The invention relates to a process for preparing the novel 7-(3-chloroisoxazol-5-yl)-acetamido-3-(1-methyl-1H-1,2,3,4-tetrazol-5-yl)-thiomethylceph-3-em-4-carboxylic acid of the formula I and its pharmacologically suitable salts. The compound of the formula I shows high activity on a wide range of microorganisms and is suitable as active ingredient for pharmaceutical products which can be administered orally.

Description

Ceph-3-ene-4-carboxylic acid derivatives and the prepn.
The present invention relates to the preparation method of new cephalo-3-alkene-4-carboxylic acid (ceph-3-em-4-Carboxylicacid) derivative.
The invention provides preparation 7-(3-chlorine-isoxazole-5-bases)-acetylaminohydroxyphenylarsonic acid 3-(1-methyl isophthalic acid H-1,2,3,4-tetrazolium-5-yl)-thiomethyl-cephalo-3-alkene-4-carboxylic acid and pharmacology thereof on the method for acceptable salt, this method comprises:
(a) will have the structure formula II
Figure 86104805_IMG6
(Ⅱ)
3-chlorine-isoxazole-acetate or its reactive derivative with have a structure formula III
Figure 86104805_IMG7
(Ⅲ)
7-amino-3-(1-methyl isophthalic acid H-1,2,3,4-tetrazolium-5-yl)-thiomethyl-cephalo-3-alkene-4-carboxylic acid reaction, from reaction mixture, separate obtaining structural formula and be (I) again with known method
(Ⅰ)
7-(3-chlorine-isoxazole-5-bases)-acetylaminohydroxyphenylarsonic acid 3-(1-methyl isophthalic acid H-1,2,3,4-tetrazolium-5-yl)-thiomethyl-cephalo-3-alkene-4-carboxylic acid, if necessary, can adopt known method to be translated into acceptable salt on its pharmacology, isolate this salt by known method again, perhaps;
(b) will have the structure formula IV
Figure 86104805_IMG9
(Ⅳ)
1-methyl isophthalic acid H-1,2,3,4-tetrazolium-5-base-mercaptan and 7-(3-chlorine-isoxazole-5-bases)-acetylaminohydroxyphenylarsonic acid cephalosporinic acid (7-(3-chloro-isoxazole-5-yl)-acetamido-cephalosporanic acid) reaction, separate with known method then and obtain 7-(3-chlorine-isoxazole-5-bases of structural formula for (I))-acetylaminohydroxyphenylarsonic acid 3-(1-methyl isophthalic acid H-1,2,3,4-tetrazolium-5-yl)-thiomethyl-cephalo-3-alkene-4-carboxylic acid, also can adopt known method to convert it into acceptable salt on its pharmacology as required, from reaction mixture, isolate this salt by known method again.

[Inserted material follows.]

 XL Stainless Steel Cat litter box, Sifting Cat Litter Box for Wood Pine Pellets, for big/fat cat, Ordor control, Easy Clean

According to preparation method of the present invention (a), 3-chlorine-isoxazole acetate or its reactive derivative and 7-amino-3-(1-methyl isophthalic acid H-1 that will have the structure formula II with structure formula III, 2,3,4-tetrazolium-5-yl)-thiomethyl-cephalo-3-alkene-4-carboxylic acid reaction.This reaction can be at solvent, preferably the aqueous acetone medium or with the not miscible organic solvent of water in carry out.This reaction is under agitation carried out, and the reaction times was generally 30 minutes to 3 hours.
To have the 1-methyl isophthalic acid H-1 of structure formula IV according to preparation method of the present invention (b), 2,3,4-tetrazolium-5-base-mercaptan and 7-(3-chlorine-isoxazole-5-base)-reaction of acetylaminohydroxyphenylarsonic acid cephalosporinic acid.

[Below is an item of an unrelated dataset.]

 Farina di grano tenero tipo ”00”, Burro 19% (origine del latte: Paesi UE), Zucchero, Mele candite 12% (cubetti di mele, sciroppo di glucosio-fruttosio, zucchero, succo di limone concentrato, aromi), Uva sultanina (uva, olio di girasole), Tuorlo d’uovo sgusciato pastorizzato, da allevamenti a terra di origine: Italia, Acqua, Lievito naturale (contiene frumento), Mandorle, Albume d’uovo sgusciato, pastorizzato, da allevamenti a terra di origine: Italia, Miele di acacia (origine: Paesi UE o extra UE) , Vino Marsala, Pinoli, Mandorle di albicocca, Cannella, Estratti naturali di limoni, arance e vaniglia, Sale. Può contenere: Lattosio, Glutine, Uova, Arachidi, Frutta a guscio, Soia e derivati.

This reaction can be carried out in solvent, and this solvent is the mixture of water and acetone preferably, and its temperature of reaction is 30~90 ℃, and preferably between 60 ℃ and 65 ℃, pH value scope is 4.5~6.0.Reaction times was generally 2 to 10 hours.
In the technical field of semi-synthetic beta-lactam derivatives,, carried out a large amount of experiments in order to prepare compound with wide or special antimicrobial spectrum.The noticeable this compound of one class comprises isoxazolyl replacement or unsubstituted, and they are attached on the 6th carbon atom on 6-amino-penicillinic acid by kharophen respectively and on the 7th carbon atom of 7-amino-cephalosporinic acid (7-amino-cephalosporanicacid).The significant anti-microbial effect of several demonstrations in this composition.
Known that some become the compound of active drug, they contain a substituted isoxazole-4-base-kharophen group on the 6th of penicillin group.Such compound is disclosed in United States Patent (USP) NO.2,996,501 and NO.3,239,507 and French Patent NO.BSMNO.6432 on.
At United States Patent (USP) NO.4, the derivative of penicillin and cynnematin is disclosed on 394,504, these derivatives also have an alkoxyl group-imino group on the alpha-position of Zai isoxazole ring except that containing amino-isoxazole-5-bases of 3--kharophen group.Disclosed these compounds have the activity that very important staphylococcus belongs to bacterium in above-mentioned United States Patent (USP).
At DOSNO.2, in 155,081, put down in writing and contained (3-substituted-phenyl)-isoxazole-5-bases-penicillin of kharophen group and derivative of cynnematin.But has important antibacterial effect for used experiment microorganism without any the openly also proof this phenyl-isoxazole oxazole derivatives of reality.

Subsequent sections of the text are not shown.